The invention also refines this study with a method comprising: locating a site comprising an abnormally proliferating cell in a tissue in a mammal and contacting the site with a therapeutically effective amount of mammalian extracellular matrix. The contact at the site with the therapeutically effective amount of mammalian extracellular matrix (solid, semi-solid, or liquid extracellular matrix) results in recruiting one or more endogenous stem cells to the site. Sometime after the stem cells have been recruited and the tissue surrounding the damage has begun to remodel, detection of inhibition of the abnormally proliferating cell or cells can be observed, in the presence of the recruited stem cells. The recruited stem cells may be direct actors in the inhibition process, or they may be indirect actors by providing the proper healthy environment including molecular signaling and tissue remodeling for the inhibition to occur eliminating the abnormally proliferating cells. Either mechanism yields a positive result for the patient. Detection of the inhibition of the abnormally proliferating cells can be accomplished by standard visualization techniques (e.g. MRI, CT, PET scans) or by sampling blood marker levels that can indicate a presence or absence of a malignancy, or a reduced amount of malignancy.

Similarly, a method of directing differentiation of a poorly differentiated epithelial cell is accomplished by locating a poorly differentiated epithelial cell in epithelial tissue in a mammal, contacting the poorly differentiated epithelial cell with a composition comprising mammalian extracellular matrix, recruiting an endogenous stem cell to the epithelial tissue in the mammal, and observing differentiation of the poorly differentiated cell in the epithelial tissue.
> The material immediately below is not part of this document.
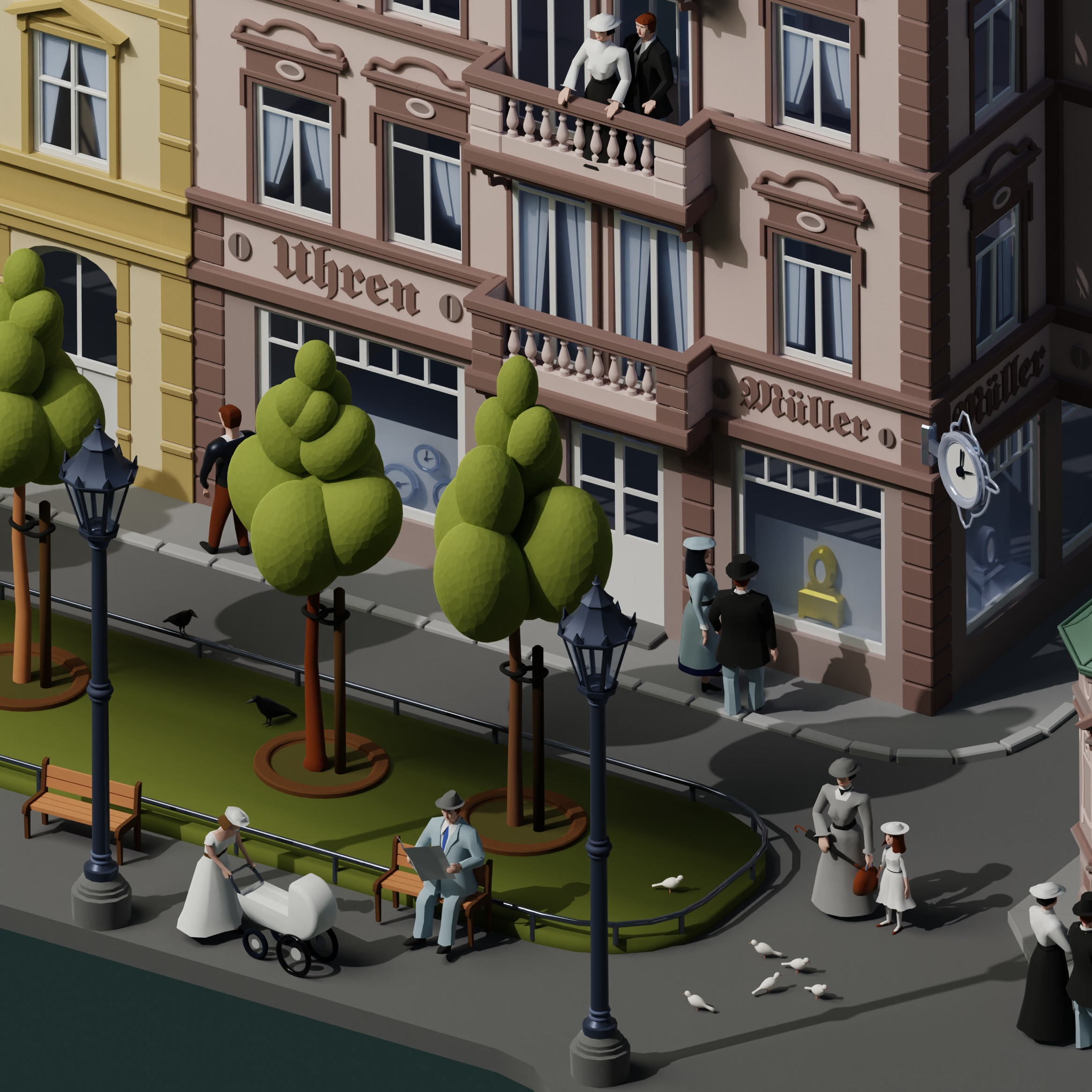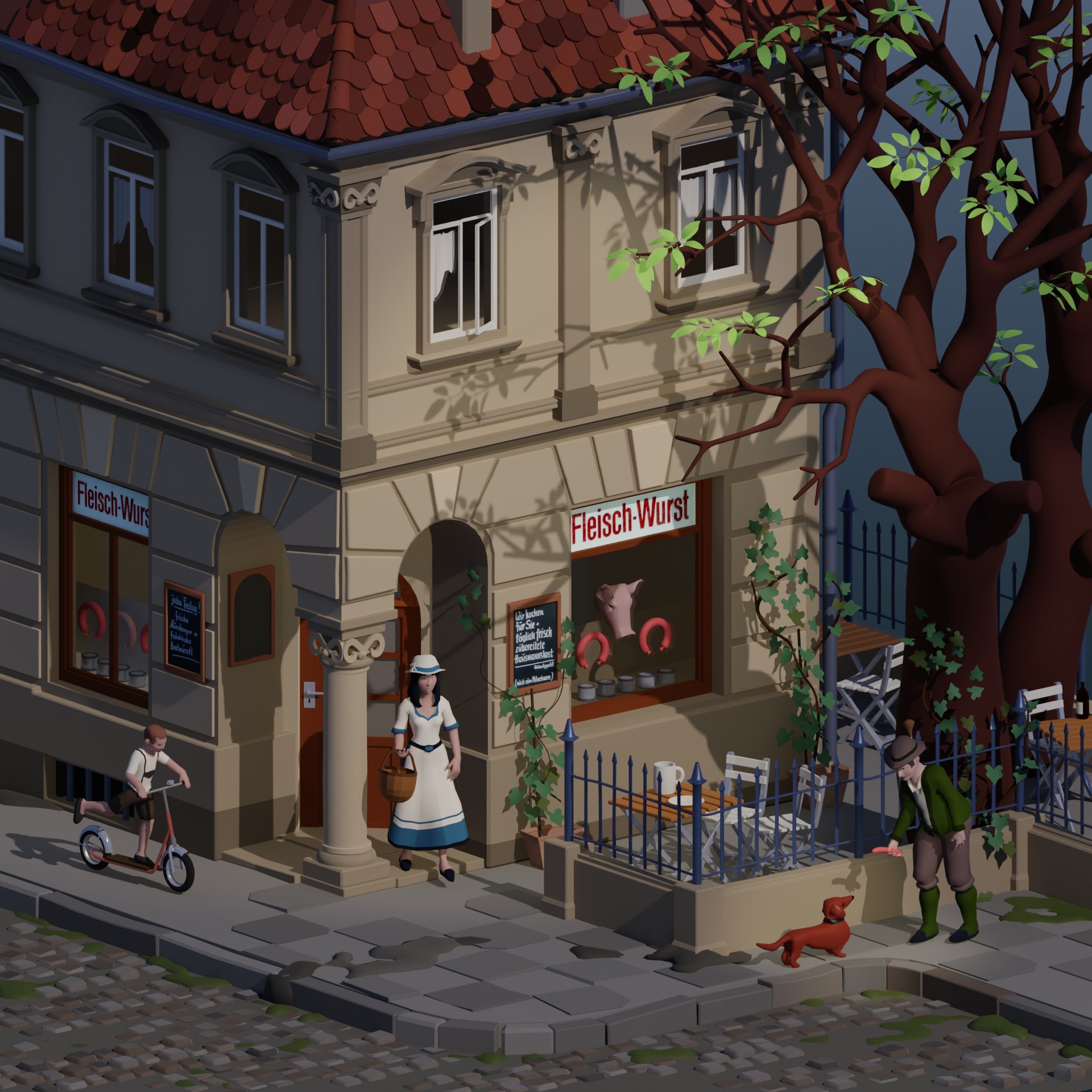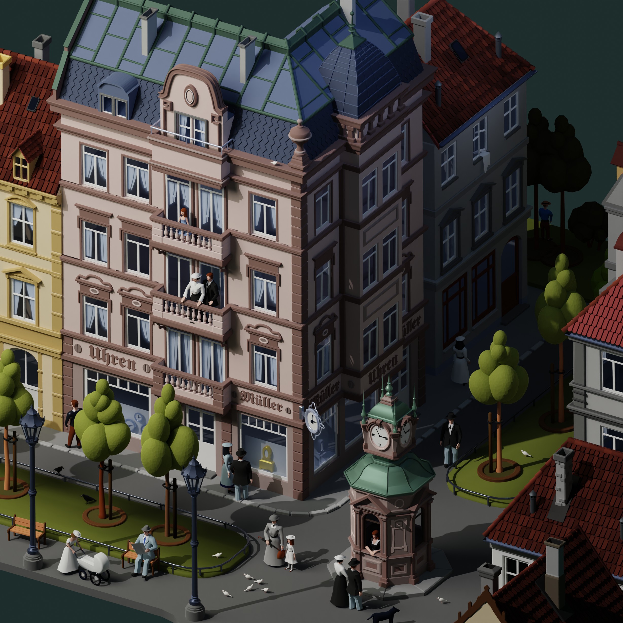 Die Gestaltung der Materialen - Metallbedachung - ist immer etwas heikel. Dreht man die Roughness bei allen auf 0,8 wirkt das Bild insgesamt stumpf. Hat man zu viele Reflexionen, widersprechen die Materialien dem Lowpoly-Stil (zu viel Realismus). So versuche ich einen Mittelweg mit einigen Akzenten.
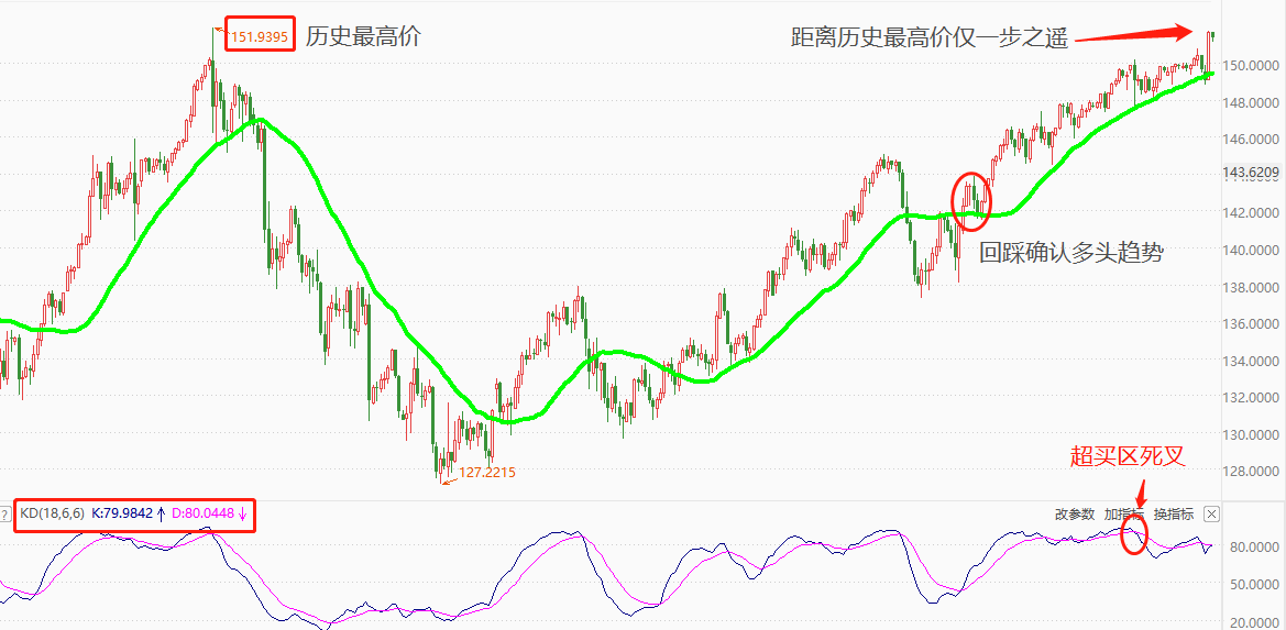 技术角度看,USDJPY的多头趋势仍在延续,并且昨日的最高点151.72距离历史最高价151.93仅有一步之遥。7月末至8月初,K线形成回踩结构并确认多头趋势,至今市价都运行在MA30中期均线之上。只要未来行情不跌破MA30,则多头可延续下去。不过,震荡指标KD已经在10月4日超买区形成死叉,意味着涨势结束,未来可能在巨量的抛压下进入跌势。历史最高价往往不容易突破,此刻需要警惕行情创新高后,因为获利了结盘出现,导致行情剧烈回调。

As discussed earlier, one of the hallmarks of malignancy is the loss of differentiation of the malignant cell that becomes more and more serious as the cell moves from pre-malignant to fully malignant, losing almost all resemblance it once had to a normal healthy cell. In the presence of recruited stem cells at a site, poorly differentiated cells will become gradually better differentiated as they respond to the local signals generated from the recruited stem cells. New tissue remodels and the once poorly differentiated cells become closer and closer to normal clearly differentiated cells in appearance.

The concentration of the liquid or semi-solid extracellular matrix used in any of these methods is greater than about 0.001 mg/ml. Optimally, the concentration is that concentration that minimally will regenerate missing tissue, heal damaged tissue, inhibit abnormal cell proliferation, and prevent tumor recurrence. This concentration is expected to be at least 10 mg/ml, and as much as 40 mg/ml, or greater. The larger the concentration of matrix, the more effective the healing of the tissue at the site, and so at concentrations greater than 40 mg/ml the composition are expected to be optimally therapeutically effective at healing the site, and inhibiting proliferation of abnormally proliferating cells, and inhibiting the reforming of tumor cells at a site of tumor resection. Furthermore, the exogenous extracellular matrix at the site heals the damaged tissue with reduced or absent scar formation. Solid forms of extracellular matrix can be used, including particulate and sheets as well as any other solid form. The particulate can be dusted in a region, the sheet can be affixed to tissue to heal, for example skin tissue in the case of skin cancer, or the outer layer of an internal organ.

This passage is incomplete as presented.